*To do:* Only the lines below between the one holding "Unlock your nursing" and the one holding "t=9.8ns)以及10 ns(Δ t=9100", inclusive, are to be reproduced word for word; the pictures are to be left out.

*Input material:*

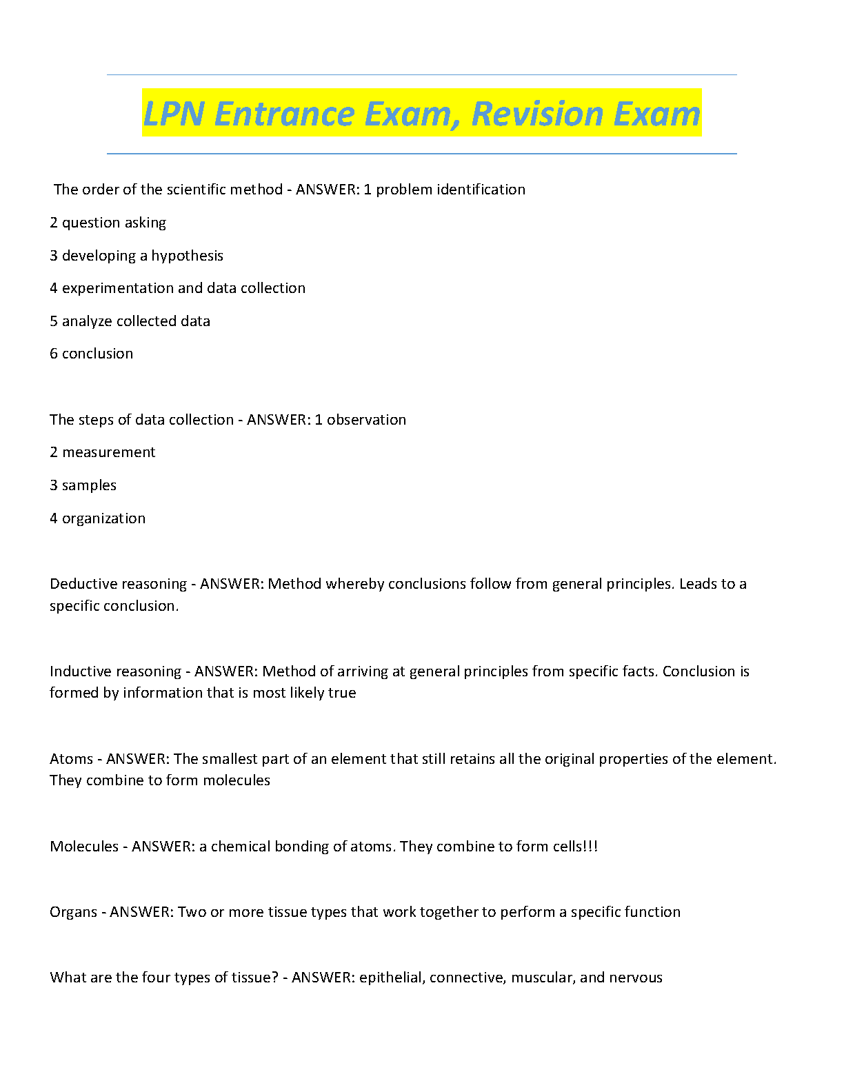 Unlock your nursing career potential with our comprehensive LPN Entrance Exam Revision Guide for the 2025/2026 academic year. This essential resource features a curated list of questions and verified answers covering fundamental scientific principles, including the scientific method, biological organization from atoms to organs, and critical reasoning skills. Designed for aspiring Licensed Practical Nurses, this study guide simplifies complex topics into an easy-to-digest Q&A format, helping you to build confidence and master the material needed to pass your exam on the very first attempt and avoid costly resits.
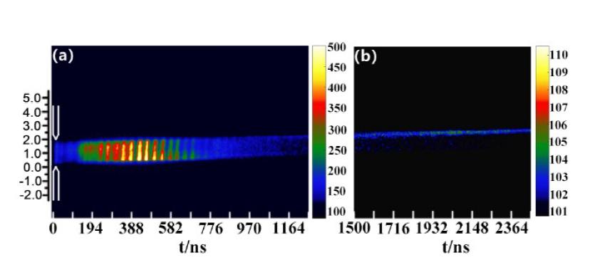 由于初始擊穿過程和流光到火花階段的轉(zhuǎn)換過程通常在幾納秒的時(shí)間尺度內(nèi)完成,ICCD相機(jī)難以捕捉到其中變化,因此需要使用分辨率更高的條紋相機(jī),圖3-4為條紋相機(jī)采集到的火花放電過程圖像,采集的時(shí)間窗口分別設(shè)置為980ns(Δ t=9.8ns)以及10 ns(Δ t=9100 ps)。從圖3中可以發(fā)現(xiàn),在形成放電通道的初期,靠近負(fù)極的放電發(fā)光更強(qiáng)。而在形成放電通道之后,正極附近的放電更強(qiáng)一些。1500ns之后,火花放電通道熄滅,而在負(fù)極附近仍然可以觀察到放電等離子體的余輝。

...

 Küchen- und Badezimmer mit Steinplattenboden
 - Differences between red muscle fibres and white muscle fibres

*Task answer:*
 Unlock your nursing career potential with our comprehensive LPN Entrance Exam Revision Guide for the 2025/2026 academic year. This essential resource features a curated list of questions and verified answers covering fundamental scientific principles, including the scientific method, biological organization from atoms to organs, and critical reasoning skills. Designed for aspiring Licensed Practical Nurses, this study guide simplifies complex topics into an easy-to-digest Q&A format, helping you to build confidence and master the material needed to pass your exam on the very first attempt and avoid costly resits.
 由于初始擊穿過程和流光到火花階段的轉(zhuǎn)換過程通常在幾納秒的時(shí)間尺度內(nèi)完成,ICCD相機(jī)難以捕捉到其中變化,因此需要使用分辨率更高的條紋相機(jī),圖3-4為條紋相機(jī)采集到的火花放電過程圖像,采集的時(shí)間窗口分別設(shè)置為980ns(Δ t=9.8ns)以及10 ns(Δ t=9100 ps)。從圖3中可以發(fā)現(xiàn),在形成放電通道的初期,靠近負(fù)極的放電發(fā)光更強(qiáng)。而在形成放電通道之后,正極附近的放電更強(qiáng)一些。1500ns之后,火花放電通道熄滅,而在負(fù)極附近仍然可以觀察到放電等離子體的余輝。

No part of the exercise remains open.